The ionization constant of $ClCH_{2}COOH$ is $1.35 \times 10^{-3}$. What will be the $pH$ of $0.1 \ M$ acid and its $0.1 \ M$ sodium salt solution?

For the weak acid $ClCH_{2}COOH$:
$K_{a} = 1.35 \times 10^{-3}$,$c = 0.1 \ M$.
$[H^{+}] = \sqrt{K_{a} \times c} = \sqrt{1.35 \times 10^{-3} \times 0.1} = \sqrt{1.35 \times 10^{-4}} = 0.0116 \ M$.
$pH = -\log(0.0116) = 1.935 \approx 1.94$.
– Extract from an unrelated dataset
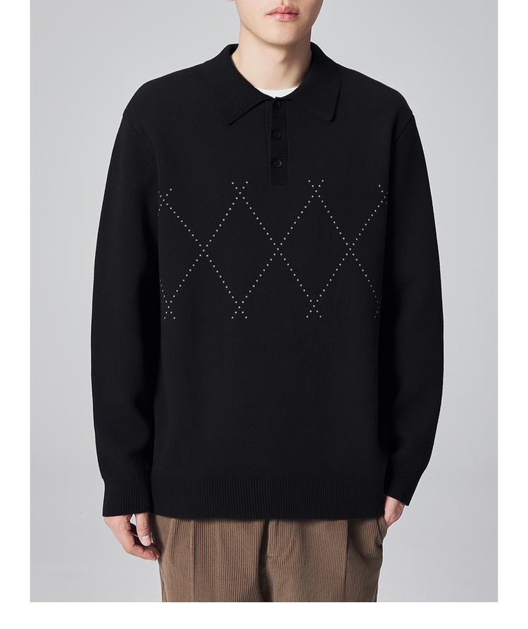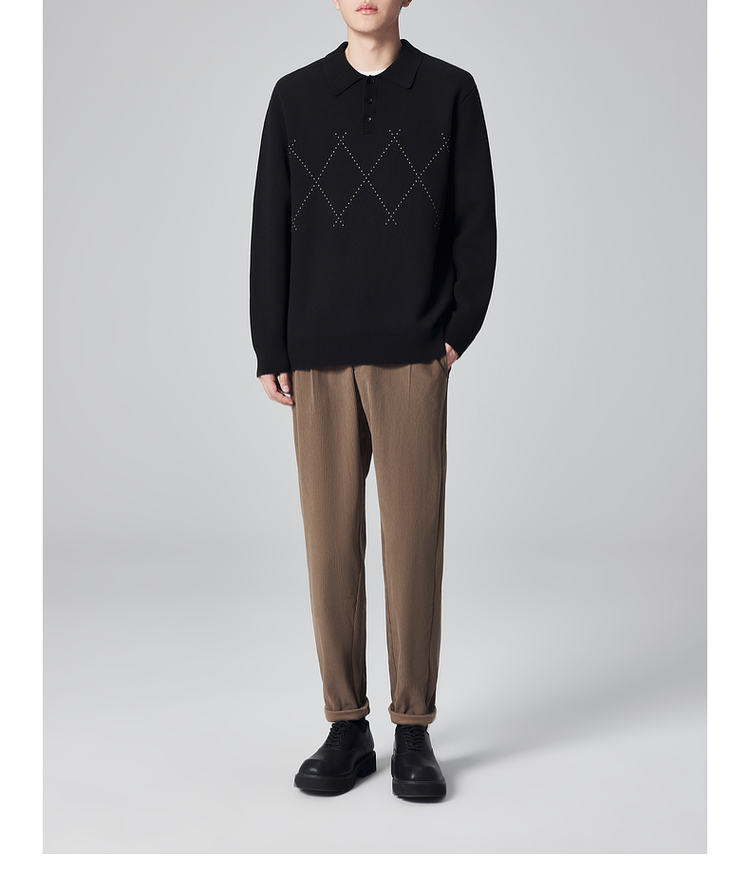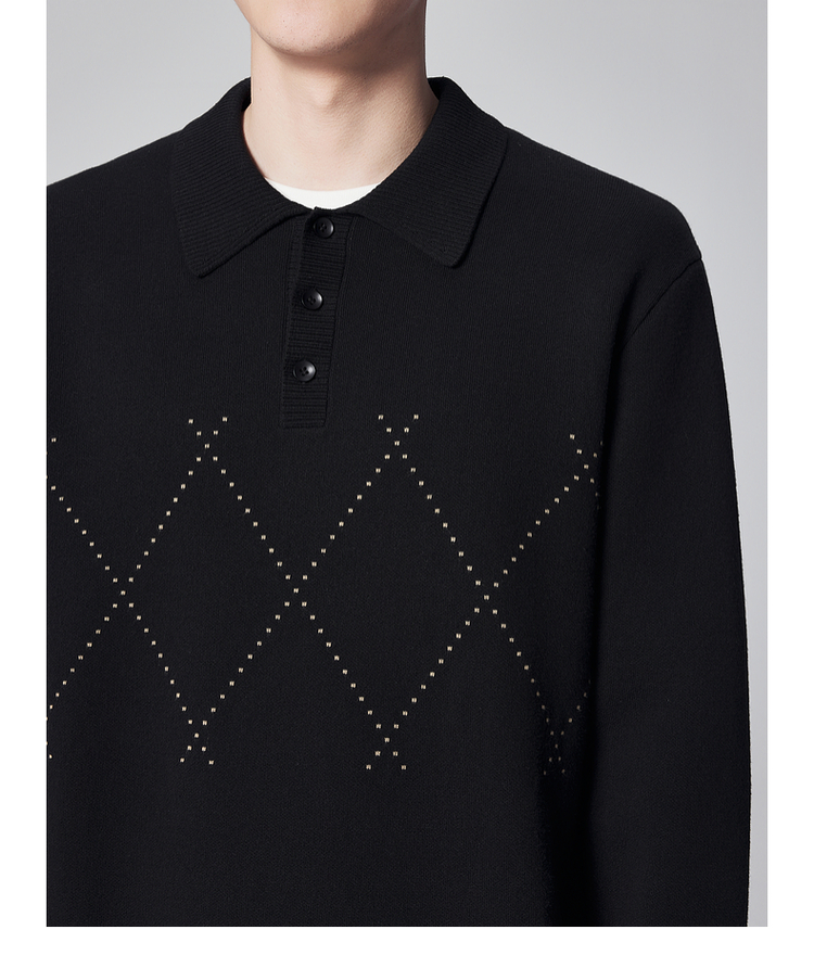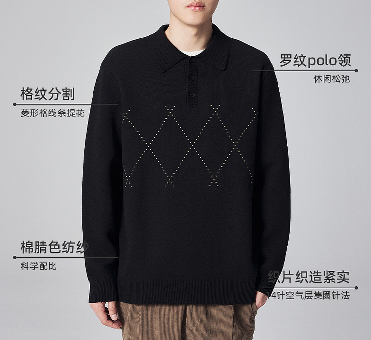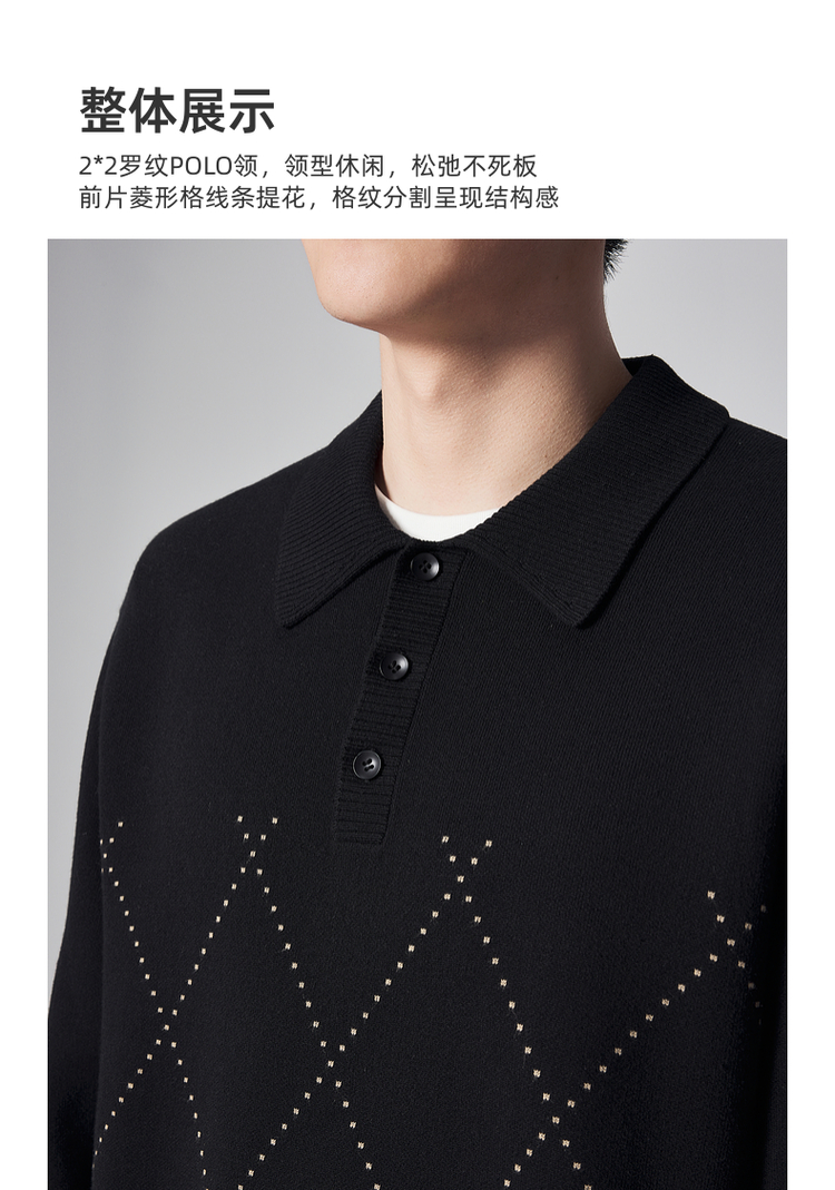 墨麦客男装菱形格提花男士翻领针织衫2024秋季新款撞色休闲毛衣男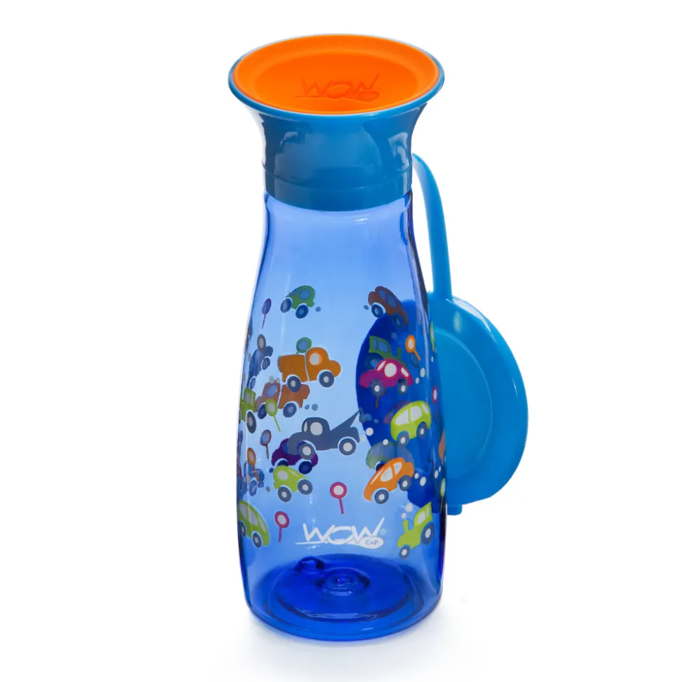 Slip for spild af drikkevarer ved spisebordet, i sofaen, i bilen, i sengen og mange andre steder. Samtidig er koppen også super praktisk på skovturen, skituren og på stranden. Koppen forhindrer insekter i at komme i berøring med drikkevarerne. Koppen består af 4 dele, som er let at adskille og samle, og alle dele kan naturligvis rengøres i opvaskemaskine. Koppen har en 360° drikkekant, der er forseglet med en blød silicone ventil, som åbnes ved overlæbens berøring, samtidig med at man suger ganske let. WOW Cup er beregnet til kolde og forfriskende drikke og indeholder op til 350 ml. WOW Cup er for børn i fra 6 måneder, og er naturligvis 100% fri for BPA og Phthalater. Der følger låg med, som giver øget beskyttelse når koppen ligger i taske eller lign. Str: 18 X 7 cm.

For the salt $ClCH_{2}COONa$ (salt of weak acid and strong base):
$K_{h} = \frac{K_{w}}{K_{a}} = \frac{10^{-14}}{1.35 \times 10^{-3}} = 7.407 \times 10^{-12}$.
$[OH^{-}] = \sqrt{K_{h} \times c} = \sqrt{7.407 \times 10^{-12} \times 0.1} = \sqrt{7.407 \times 10^{-13}} = 8.606 \times 10^{-7} \ M$.
$pOH = -\log(8.606 \times 10^{-7}) = 7 - 0.935 = 6.065$.
$pH = 14 - pOH = 14 - 6.065 = 7.935 \approx 7.94$.